Previous studies have suggested the use of ‘priming’ [10–12] with drought stress to achieve tolerance to forthcoming diseases [16]. This acquired tolerance is based on sustained changes on the basal levels of cellular and molecular defense in primed plants after cessation of stimuli compared to non-primed ones [11, 12, 16]. In the present study, water status and photosynthetic performance was completely restored in drought-primed plants one week after re-watering regardless of the pre-drought intensity. This fast recovery suggests that impairment of whole plant transpirational flow and photosynthesis did not lead to irreversible changes on avocado and can be indicative of some degree of drought adaptation [78].

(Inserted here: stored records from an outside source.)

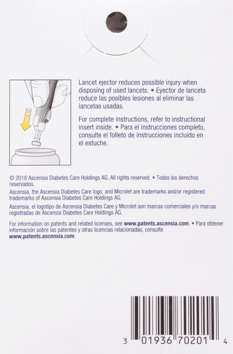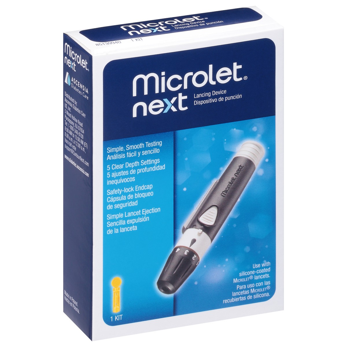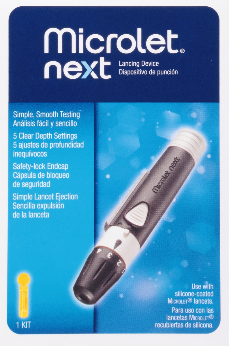 Simple, smooth testing. 5 clear dept setting. Safety-lock endcap. Simple lancet ejection. Use with silicone-coated Microlet lancets. Lancet ejector reduces possible injury when disposing of used lance…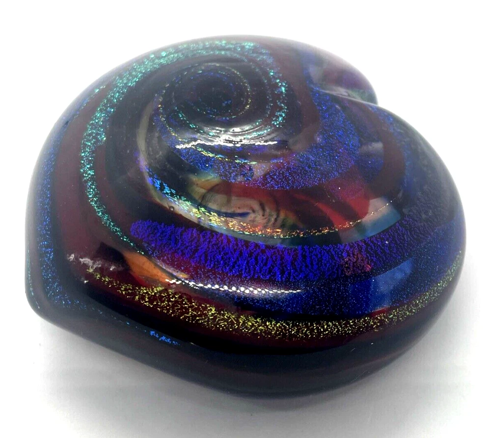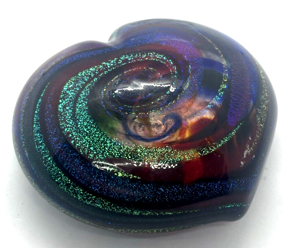 Mad Art Studios Dichroic Swirl Art Glass Heart Paperweight Signed This heart paperweight is in excellent pre owned condition. There are no chips or cracks. It measures 3.5" x 3.25" Please note the photos for detail.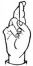 На ћирилици написано СТРАХИЊА МРЂА састоји се из 12 слова [?]. Исписано ћириличном једноручном азбуком за глувонеме: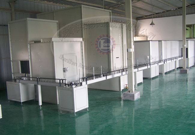 手機外殼噴涂線(spindle噴涂線): 靜電除塵、噴涂、烘干全自動流水線作業(yè),用人少,適合批量連續(xù)生產,產量高、涂層面均勻;全封閉無人操作噴涂作業(yè);生產合格率高,品質穩(wěn)定;輸送鏈條與軌道接觸點配置軸承配合精準的軌道,運轉時輕快順暢、平穩(wěn)不抖動。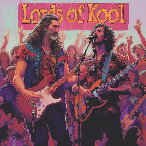 album cover with band name "Lords of Kool" at the top. Two rock gods on the cover. On the left is the tall white God of the electric guitar, clean shaven with long flowing locks. On the right is the Hispanic God of the keyboards and vocals with a buzz cut singing his funk music to the heavens. Fans screaming for them at their feet. --v 6.0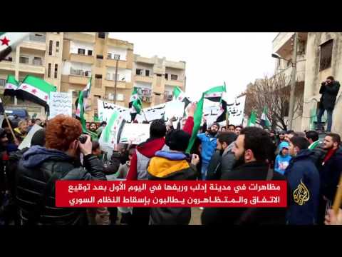 خرجت عدة مظاهرات في مدينة إدلب وريفها في اليوم الأول لسريان الهدنة المبرمة بين النظام والمعارضة، وطالب المتظاهرون بإسقاط النظام السوري وتوحد فصائل المعارضة.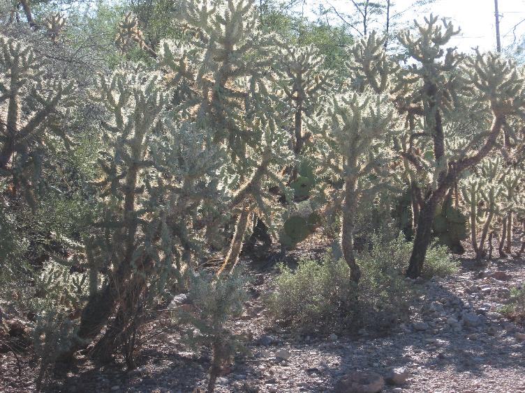 The back yard and south side double lot area are wild with cholla cactus trees, PaloVerde trees, more cactus. and wildlife.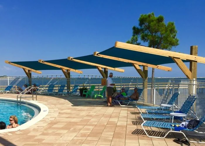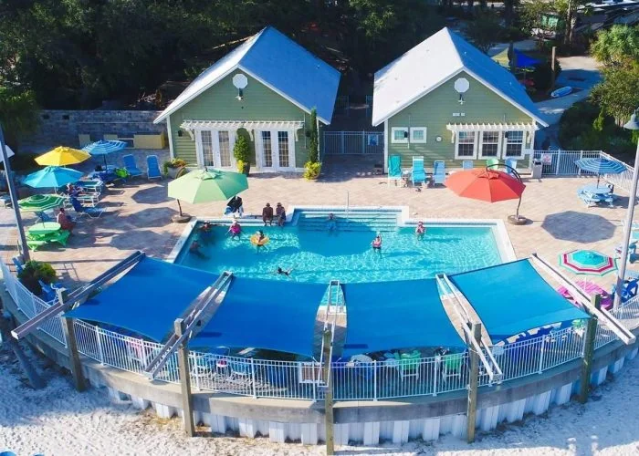 Santa Rosa RV Resort offers a heated waterfront pool, a 300-foot fishing pier, a private white sand beach, and lush tropical landscaping. The pool area includes a shade-screened lounge for comfort.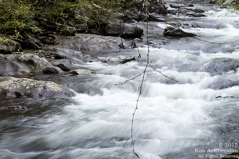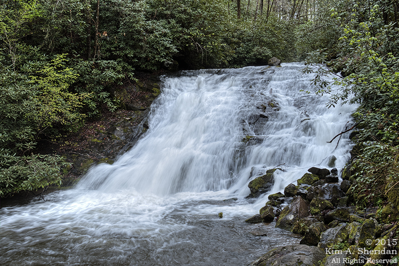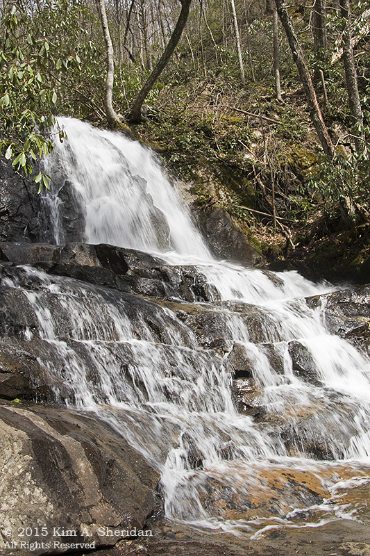 By the way, all of these photos were taken, not on our first night in the park, but the morning of July Fourth, two days later, while my traveling companions were still in dreamland. Tee-hee – I had the falls to myself. Heaven!
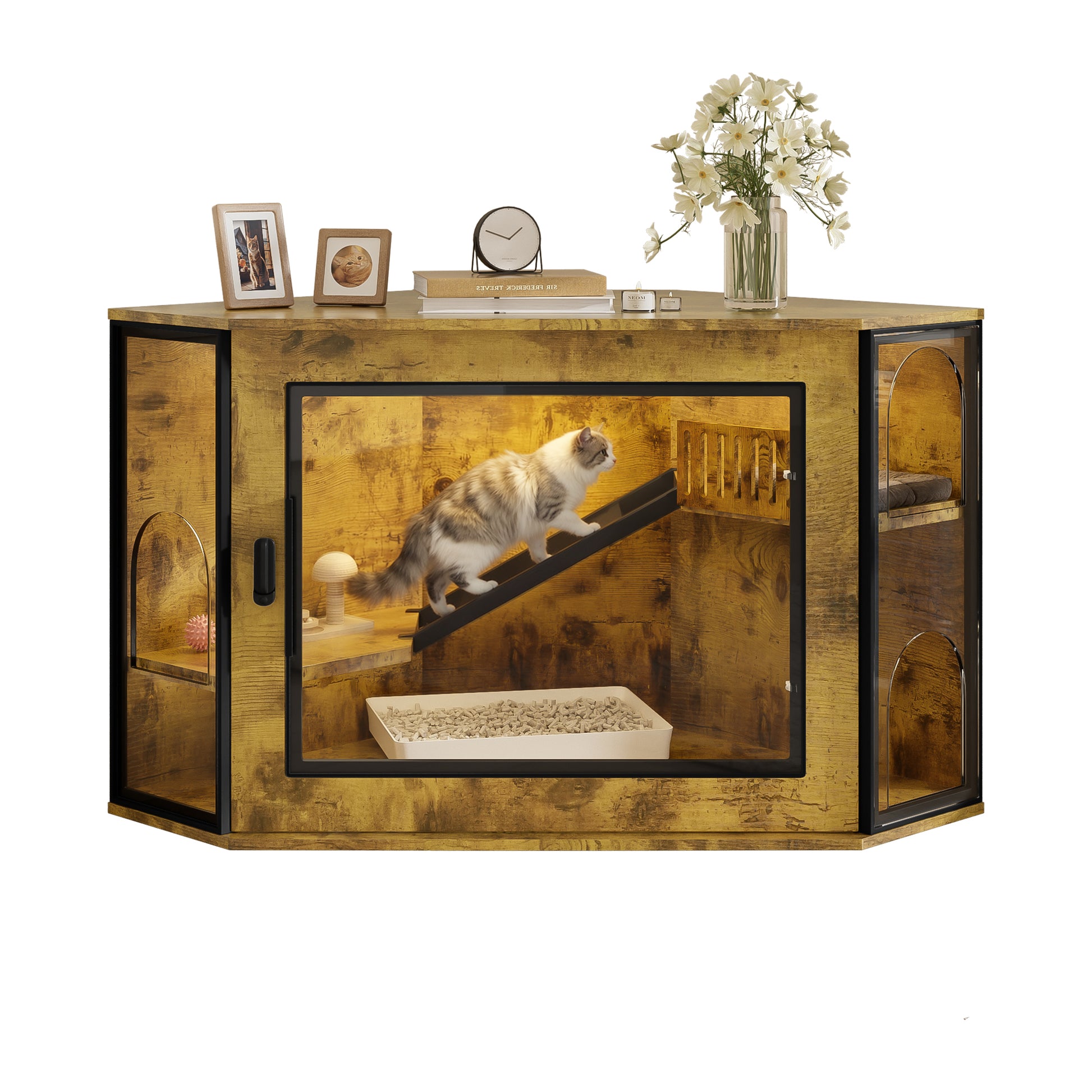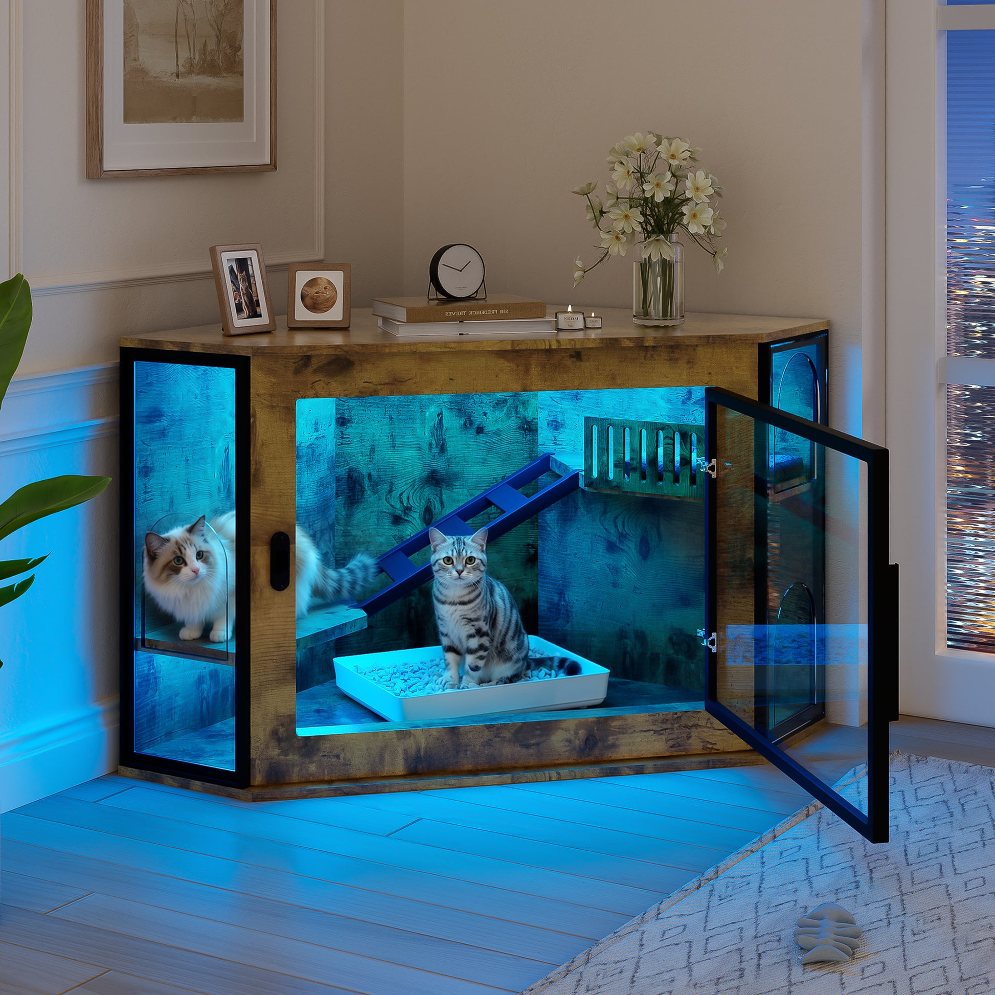 48" Corner Cat Litter Box Enclosure, Modern Hidden Litter Box Corner Cabinet with Acrylic Door and LED Light, Cat House with Playground and Stairs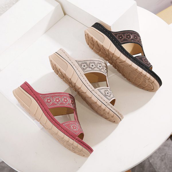 Summer women’s slippers with slope with large size middle-aged and elderly shoes non-slip fashion soft bottom women’s sandals
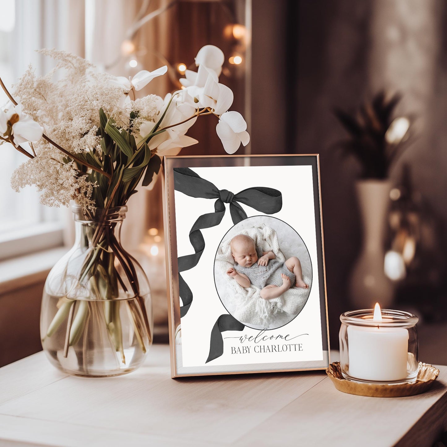 Black Bow Custom Sign Printable Party Decor for Bridal Shower, preppy coquette bow theme baby shower for fancy wedding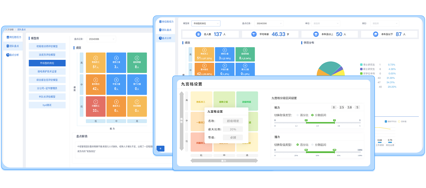 2.团队诊断。基于岗位胜任力模型,对团队整体进行盘点,以九宫格的形式分象限展示盘点结果,使企业的人才分布了如指掌,为梯队建设提供有力的工具化支持。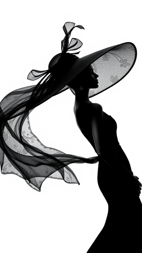 A stunning woman in an elegant black gown elegantly adorned with an oversized hat tilted to the right, her silhouette defined by masterful use of negative space, the interplay of light and shadow capturing her striking beauty, with crisp, fluid lines and intricately dark patterns adding depth and allure, a tableau that is both enigmatic and captivating.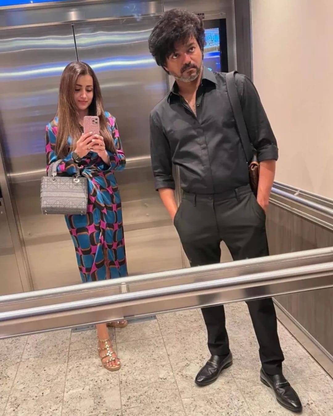 Trisha shared a photo from her insta handle to wish Vijay on his birthday, in which she was seen in a lift with the birthday boy. While trisha looked good in a printed maxi dress, Vijay looked dashing in an all-black look. In the caption of this post, the actress also wrote a loving birthday wish, which can be read as, "Shanti se toofaan, toofaan se shanti! Many more milestones ahead." Along with this, trisha also dropped heart, infinity, and evil eye emojis.
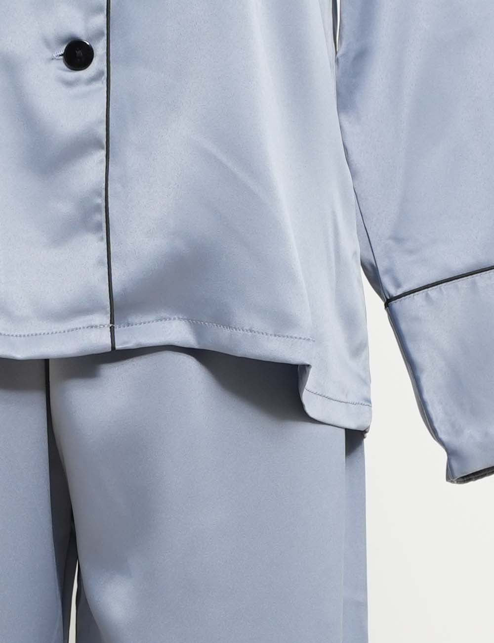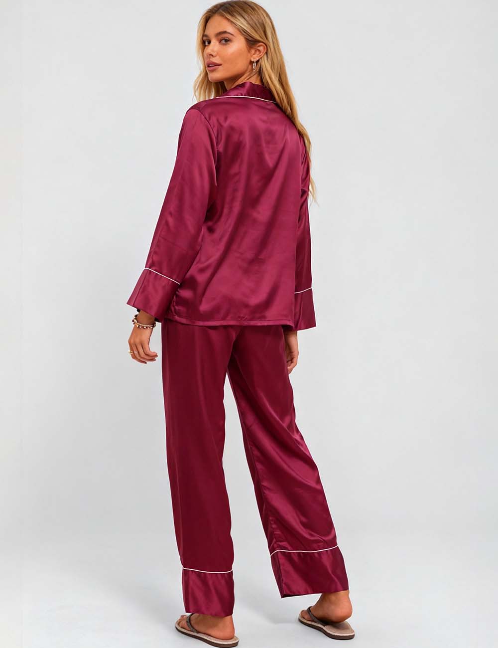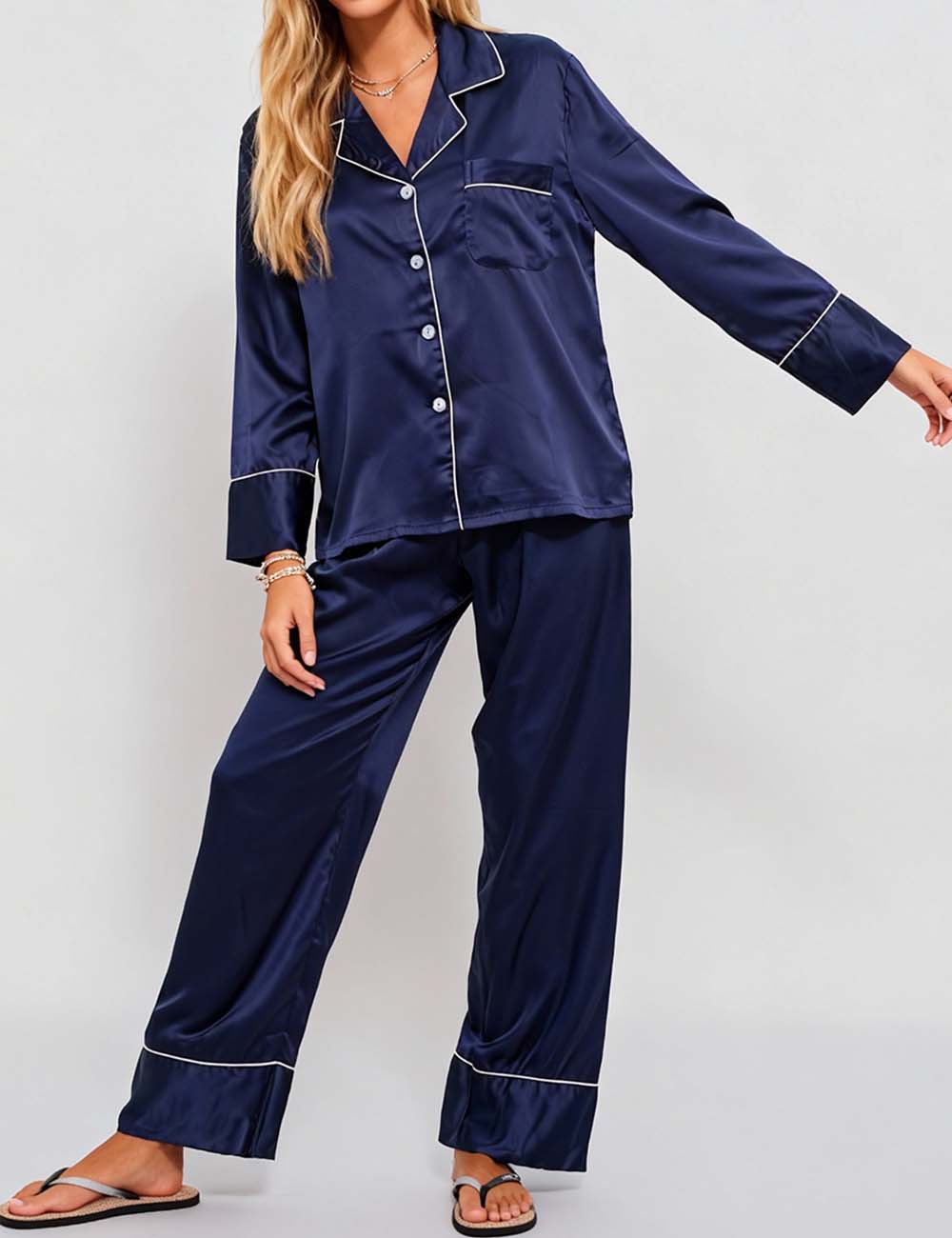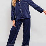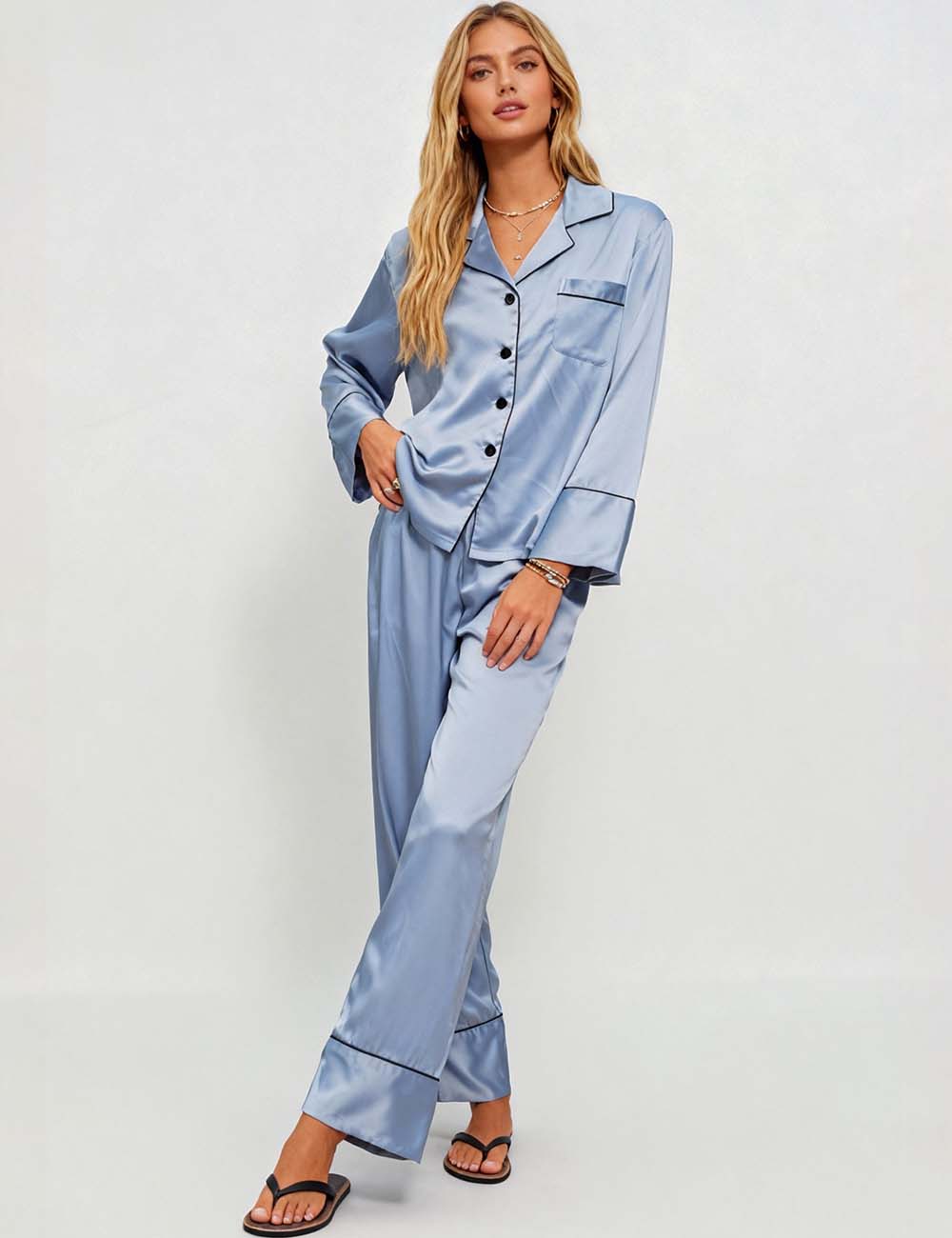 Ladies Satin Button Long Sleeves Top & Pants Loungewear Set

However, at the root level, re-watering induced the upregulation of defense related genes, suggesting a ‘primed state’ of the previously water stressed avocado plants. Gene overexpression, which could be associated with crosstalk between the different signaling pathways underlying plant tolerance/resistance to biotic and abiotic stress such as the abscisic (ABA), jasmonic (JA) and salicylic (SA) acids [95–98], was more remarkable in mild-WS compared to severe-WS. Particularly, the induction of NPR1 transcription factor in mild-WS primed plants suggests the activation of salicylic acid-mediated defense responses [52, 89, 90] and the deactivation of ABA-related responses after water stress [99]. In addition, this ‘primed state’ is accompanied by the significant accumulation of PR proteins (i.e. PR4 and PR5) which have been correlated with the development of systemic acquired resistance [48] and are considered the most promising candidates for developing multiple stress tolerance [89]. It is also remarkable that the expression of genes related with fungal cell wall degradation, such as endochitinase, was only up-regulated in plants recovered after mild-WS. Genes encoding metallothionein, universal stress protein, protease inhibitor and NAC domain containing protein 72 remained overexpressed in mild-WS primed plants. These genes are involved in the general plant response to stress [51, 58, 60, 62, 64, 67, 82, 100–103], playing the last two a fundamental role in avocado defense to R. necatrix [43]. It should be highlighted the marked overexpression of the gene encoding the NAC domain containing protein 72 (24 fold over mild-WS) in roots recovered from mild-WS compared to severe-WS, suggesting a higher promotion of root development [104, 105], although further studies are necessary to clarify its importance on the water stress recovery response.
The performed pathogenicity test shed light on whether this water-stress induced ‘primed state’ was effective for enhancing avocado tolerance to this necrotrophic pathogen. In this sense, the disease progression delay, observed in mild-WS primed plants in comparison with control and severe-WS primed plants, suggests an enhancement of plant ability to cope with R. necatrix infection after priming with mild water stress. This ability could be attributable to differential expression of key genes involved in the tolerance of avocado to soilborne pathogens such as NPR1 and NAC domain containing protein 72, as well as with a lower energy investment for overcoming a moderate water stress compared with severely stressed plants [72]. Moreover, although all of the overexpressed genes in mild-WS primed plants are involved in plant defense against fungi, not all have been described to be related with avocado tolerance to R. necatrix (i.e. NPR1, PR4, PR5 and endochitinase). However, their enhanced expression after drought-priming (i.e. abiotic factor) could also represent a benefit for avocado plants to overcome forthcoming fungal infection (i.e. biotic stressor).